V-CAGE: Context-Aware Generation and Verification for Scalable Long-Horizon Embodied Tasks

Learning long-horizon embodied behaviors from synthetic data remains challenging because generated scenes are often physically implausible, language-driven programs frequently "succeed" without satisfying task semantics, and high-level instructions require grounding into executable action sequences. To address these limitations, we introduce V-CAGE, a closed-loop framework for generating robust, semantically aligned manipulation datasets at scale. First, we propose a context-aware instantiation mechanism that enforces geometric consistency during scene synthesis. By dynamically maintaining a map of prohibited spatial areas as objects are placed, our system prevents interpenetration and ensures reachable, conflict-free configurations in cluttered environments. Second, to bridge the gap between abstract intent and low-level control, we employ a hierarchical instruction decomposition module. This decomposes high-level goals (e.g., "get ready for work") into compositional action primitives, facilitating coherent long-horizon planning. Crucially, we enforce semantic correctness through a VLM-based verification loop. Acting as a visual critic, the VLM performs rigorous rejection sampling after each subtask, filtering out "silent failures" where code executes but fails to achieve the visual goal. Experiments demonstrate that V-CAGE yields datasets with superior physical and semantic fidelity, significantly boosting the success rate and generalization of downstream policies compared to non-verified baselines.

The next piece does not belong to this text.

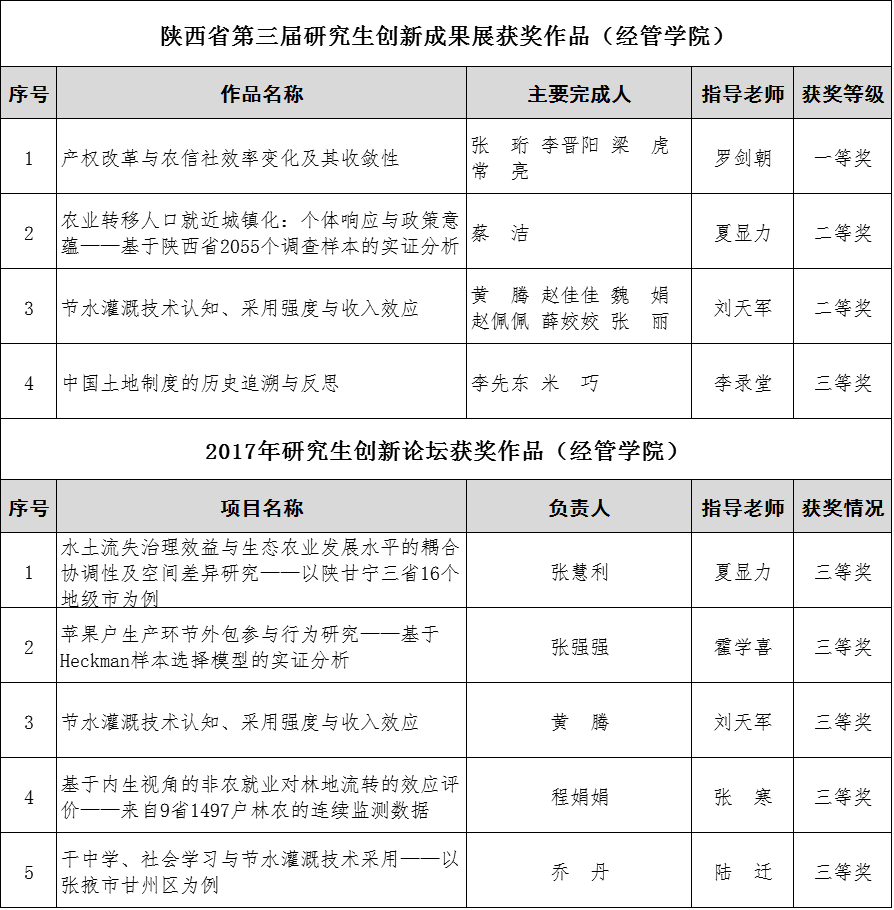 同时,为充分展示我校的科技创新和研究生培养成果,研究生院以陕西省第三届研究生创新成果展为契机,举办2017年研究生创新论坛,经过校内专家初评和终审答辩两个环节,共评出校级研究生创新论坛优秀作品18件,贝博官网5名研究生入围三等奖,获奖比例高达27.78%。近年来,学院以生源质量为抓手,相继出台系列研究生“双创”能力提升计划,政策初显成效,未来学院将继续落实研究生培养制度建设,为“三农”事业做好卓越人才储备工作。

翻译：从合成数据中学习长程具身行为仍然面临挑战，因为生成的场景通常在物理上不可信，语言驱动的程序常常在未满足任务语义的情况下“成功”，且高层指令需要被具体化为可执行的动作序列。为应对这些局限，我们提出了V-CAGE，一个用于大规模生成鲁棒、语义对齐的操作数据集的闭环框架。首先，我们提出了一种情境感知实例化机制，在场景合成过程中强制执行几何一致性。通过动态维护一个随物体放置而更新的禁止空间区域地图，我们的系统防止了物体间的相互穿透，并确保在杂乱环境中生成可达且无冲突的配置。其次，为弥合抽象意图与底层控制之间的鸿沟，我们采用了一个分层指令分解模块。该模块将高层目标（例如“准备工作”）分解为组合式动作基元，从而促进连贯的长程规划。关键的是，我们通过一个基于视觉语言模型（VLM）的验证循环来强制执行语义正确性。该VLM作为视觉评判者，在每个子任务执行后进行严格的拒绝采样，过滤掉那些代码已执行但未能达成视觉目标的“静默失败”。实验表明，与未经验证的基线方法相比，V-CAGE生成的数据集具有更优的物理与语义保真度，能显著提升下游策略的成功率与泛化能力。